You can do and say a lot in 9 mins 36 secs - for instance, you might be able to get the name one of his albums right and you might not say Jacques Brel was French

Dadaismus Is A Very Magic Fellow (Dada), Friday, 31 March 2006 16:24 (twenty years ago)

I mean if you want some in depth stuff, then probably Mixing It on R3 will do something or The Wire... but not BBC on prime time, they might pay lip service to it, but music is of such niche interest (ie- 99%of people will hate any given musical artist) that it seems unfair to delve into their work in the depth you are describing (as in it would obviously have consisted mainly of backstory and deal only briefly wih the new album...).

gek-opel, Friday, 31 March 2006 16:28 (twenty years ago)

Who said in-depth?
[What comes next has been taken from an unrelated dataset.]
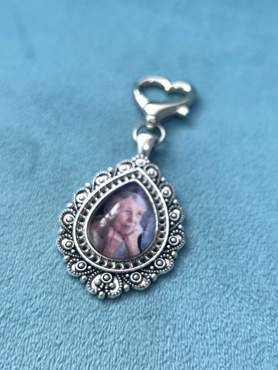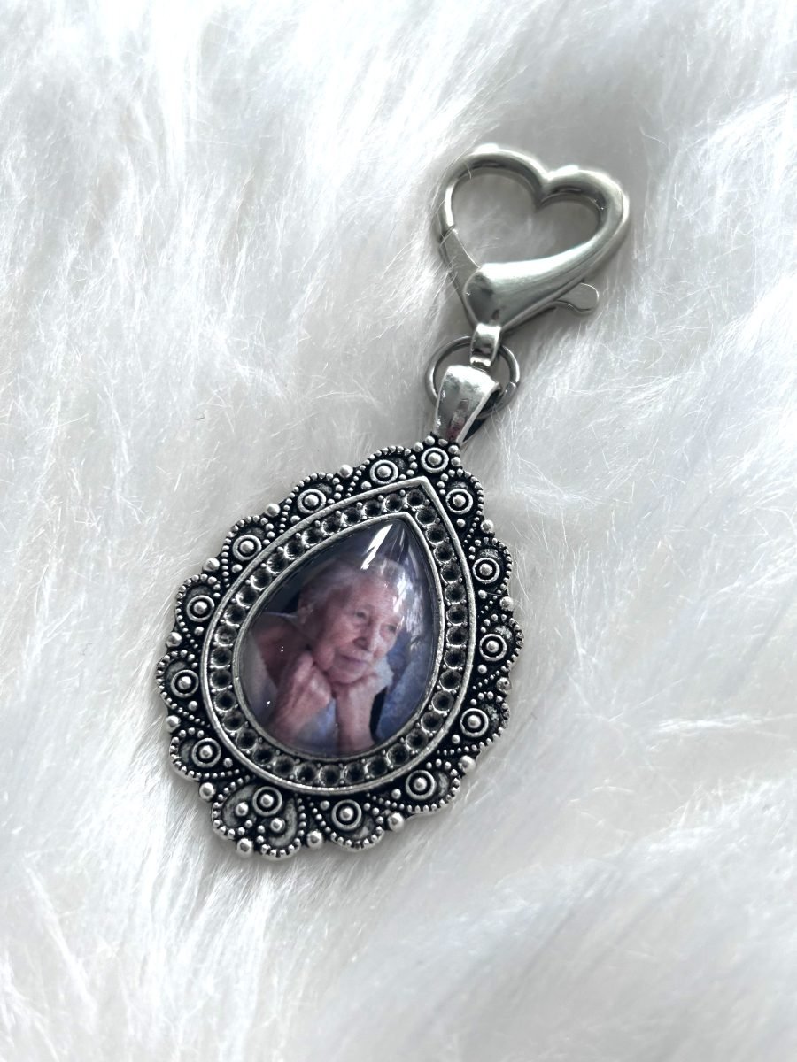 Incorporate loved ones who are no longer with you in your wedding with this beautiful teardrop memorial wedding bouquet photo charm.
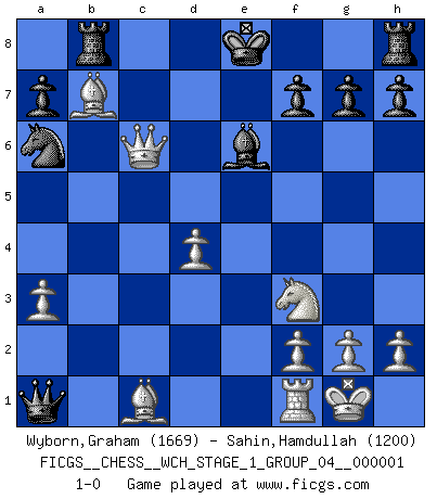 Last move : 1-0 2006 September 21 14:16:16 [Event "FICGS__CHESS__WCH_STAGE_1_GROUP_04__000001"] [Site "FICGS"] [Date "2006.07.01"] [Round "1"] [White "Wyborn,Graham"] [Black "Sahin,Hamdullah"] [Result "1-0"] [WhiteElo "1669"] [BlackElo "1200"] 1.d4 d5 2.c4 e6 3.Nf3 Nf6 4.Nc3 Bb4 5.a3 Bxc3+ 6.bxc3 Ne4 7.Qc2 Na6 8.e3 c5 9.Bd3 cxd4 10.exd4 Qa5 11.O-O Qxc3 12.Bxe4 Qxa1 13.cxd5 Bd7 14.dxe6 Bxe6 15.Bxb7 Rb8 16.Qc6+ 1-0 This chess game has been lost on time (started : 2006.07.01 16:4:35) Queen's gambit declined Kingside Castling by player White (move 11) Player White won this chess game. Follow this game move after move (download)I feel as if I were a piece in a game of Chess, when my opponent says of it: That piece cannot be moved. (Soren Kierkegaard) Wer nie einen Fehler gemacht hat, hat nie etwas Neues ausprobiert. (Albert Einstein) El Ajedrez, como cualquier otra actividad creativa, puede existir solo a través de méritos combinados de aquellos que tienen talento creativo y de aquellos que tienen la habilidad de organizar un trabajo creativo. (Mikhail Botvinnik) Il n'y a pas de prix trop élevé au scalp de l'ennemi. (Koblentz) He is a liar. I just don't know what the lie is yet. (Horatio Caine, C.S.I. Miami)

A ten minute piece on Scott Walker doesn't have to be lazy, sloppy and under-researched does it?

Dadaismus Is A Very Magic Fellow (Dada), Friday, 31 March 2006 16:31 (twenty years ago)

A ten minute piece on Scott Walker, by someone who actually knows who he is would be an improvement, no?

Dadaismus Is A Very Magic Fellow (Dada), Friday, 31 March 2006 16:32 (twenty years ago)

Yes, and probably one that focussed on just one aspect- interview, potted history, or talking heads wank-fest.

gek-opel, Friday, 31 March 2006 16:41 (twenty years ago)

No... I hope I didn't sound pedantic Dadaismus. The lyrics of Scott Walker's songs articulate feelings with the audio-visual not the literal. Over-anaylsis kills the mysterioso elements that make the work interesting. But that's not say that the work is not guided by a unifying set of precepts and moral intelligence (which I have outlined in a pevious post). He presents the work as Tableaux, whereby you can immerse yourself in a multiplicity of ways. As if you are looking at 5 different angles of a car crash.

You can choose to follow the " Cue" or not.